WORK ITEM
Give back the full listing, character for character, with no pictures.

DATA EXCERPT
BEGIN

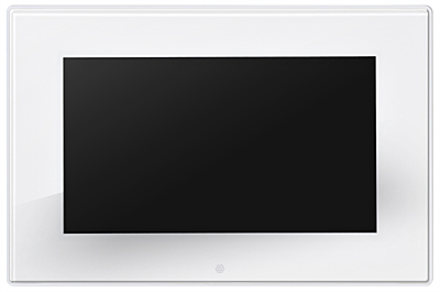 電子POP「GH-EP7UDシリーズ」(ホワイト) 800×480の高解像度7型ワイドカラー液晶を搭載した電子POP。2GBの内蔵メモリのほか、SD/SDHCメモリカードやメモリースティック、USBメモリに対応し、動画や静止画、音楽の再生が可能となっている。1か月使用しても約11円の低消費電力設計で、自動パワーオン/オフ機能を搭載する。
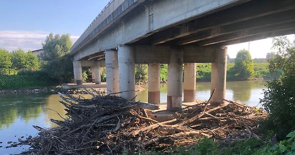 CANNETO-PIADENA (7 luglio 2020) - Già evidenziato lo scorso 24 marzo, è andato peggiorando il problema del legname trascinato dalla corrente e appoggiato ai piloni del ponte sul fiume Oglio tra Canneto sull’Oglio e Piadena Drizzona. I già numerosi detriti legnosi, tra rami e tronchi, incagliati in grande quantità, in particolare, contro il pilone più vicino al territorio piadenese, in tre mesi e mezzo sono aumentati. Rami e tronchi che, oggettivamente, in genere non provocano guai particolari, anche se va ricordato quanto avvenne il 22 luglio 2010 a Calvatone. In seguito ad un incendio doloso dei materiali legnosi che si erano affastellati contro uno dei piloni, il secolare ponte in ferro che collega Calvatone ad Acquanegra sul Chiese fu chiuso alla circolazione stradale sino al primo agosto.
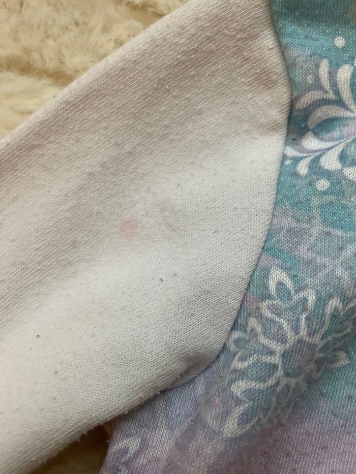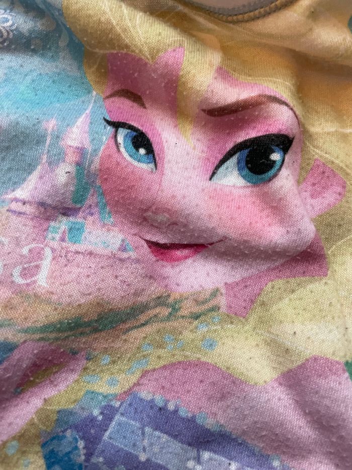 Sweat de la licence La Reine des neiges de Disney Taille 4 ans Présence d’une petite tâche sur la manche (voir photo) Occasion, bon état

END

COMPLETED TASK
 電子POP「GH-EP7UDシリーズ」(ホワイト) 800×480の高解像度7型ワイドカラー液晶を搭載した電子POP。2GBの内蔵メモリのほか、SD/SDHCメモリカードやメモリースティック、USBメモリに対応し、動画や静止画、音楽の再生が可能となっている。1か月使用しても約11円の低消費電力設計で、自動パワーオン/オフ機能を搭載する。
 CANNETO-PIADENA (7 luglio 2020) - Già evidenziato lo scorso 24 marzo, è andato peggiorando il problema del legname trascinato dalla corrente e appoggiato ai piloni del ponte sul fiume Oglio tra Canneto sull’Oglio e Piadena Drizzona. I già numerosi detriti legnosi, tra rami e tronchi, incagliati in grande quantità, in particolare, contro il pilone più vicino al territorio piadenese, in tre mesi e mezzo sono aumentati. Rami e tronchi che, oggettivamente, in genere non provocano guai particolari, anche se va ricordato quanto avvenne il 22 luglio 2010 a Calvatone. In seguito ad un incendio doloso dei materiali legnosi che si erano affastellati contro uno dei piloni, il secolare ponte in ferro che collega Calvatone ad Acquanegra sul Chiese fu chiuso alla circolazione stradale sino al primo agosto.
 Sweat de la licence La Reine des neiges de Disney Taille 4 ans Présence d’une petite tâche sur la manche (voir photo) Occasion, bon état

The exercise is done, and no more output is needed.